In 1994, Asa, an immunologist, said the path to discovering the connection between vaccines and autoimmune disorders started when Gulf War veterans came to her with rashes, severe pain, headaches and memory lapses.

"It sounded like these people had lupus," Asa said. "This was uncommon because most of them were men," noting lupus typically affects women.

Soldiers who served in the United States during the war were experiencing the same symptoms as those serving abroad, so Asa looked to determine what both groups had in common. She said she thought the answer lay in vaccines.

"I said to myself, 'Oh my God, somebody spiked the punch with an adjuvant," she said, explaining that adjuvants are added to vaccines to increase their effectiveness.

The daunting task of determining what the adjuvant was and what vaccine it was in began.

Asa had help from a former colleague at Tulane University in Louisiana, Dr.
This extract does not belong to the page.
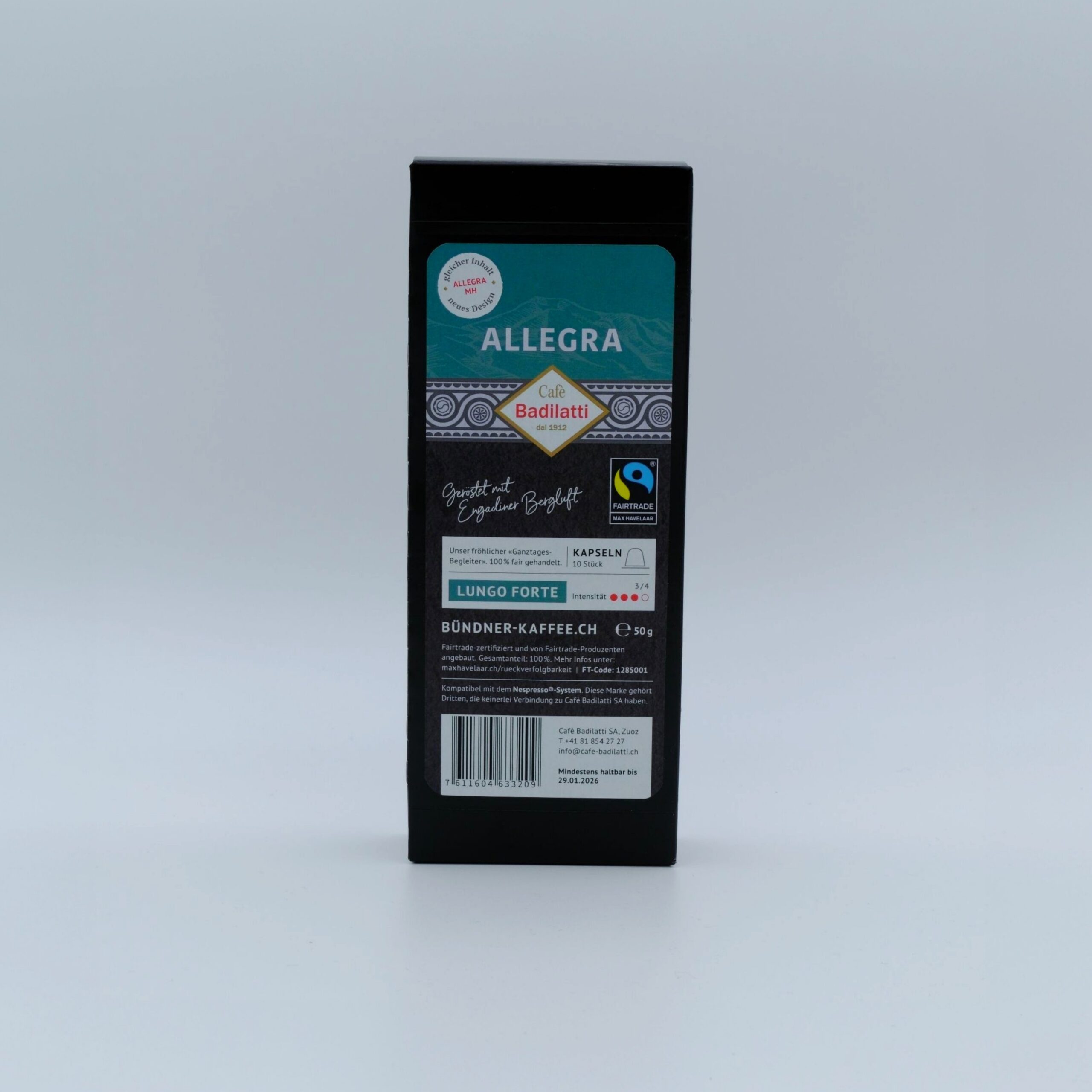 Mit unserem Allegra Max Havelaar erlebst Du einen Caffè Lungo voller Charakter – direkt aus der Kapsel, schnell zubereitet und doch von höchster Qualität.

Bob Garry, a leading researcher in creating an AIDS vaccine, who developed a test that showed the presence of squalene, an oil-based adjuvant, in blood in 1997. The test detected anti-squalene antibodies.

She said she sent Garry blood samples from soldiers that came to her with symptoms to have him test for the anti-squalene antibodies.

"When my samples popped hot with anti-squalene antibodies, I just cried," she said. "My theory was right."

She said initially the anthrax vaccine wasn't on the table until the mandatory Anthrax Vaccine Immunization Program started in 1998. Asa said that was when soldiers began coming to her with symptoms again.

They too tested positive for anti-squalene antibodies, she said.

The AVIP ran through June of 2001 when the Department of Defense temporarily stopped using the vaccine due to non-FDA-approved production methods, according to program records.

The program used Anthrax Vaccine Absorbed, which the FDA approved in the 1970s to protect against skin contact with anthrax spores, not inhalation as the military was using it during AVIP, according to the vaccine's history explained in a U.S. District Court opinion. The FDA eventually labeled the vaccine as an investigative experimental vaccine in the use against inhalation of anthrax spores, according to the opinion, which would place it under Title 10 Section 1107 of the U.S. Code.

Asa tracked the lot numbers of the vaccine, determining that six anthrax vaccine lots had some levels of squalene in them. Later, an independent FDA test confirmed these lot numbers.

"I can't put into words the look of horror on (the soldiers') faces and how difficult it was to tell them that the country and the government they were willing to die for had done this to them," Asa said. "It makes me sick to tell these kids they are positive for anti-squalene antibodies. I hope like hell they're negative."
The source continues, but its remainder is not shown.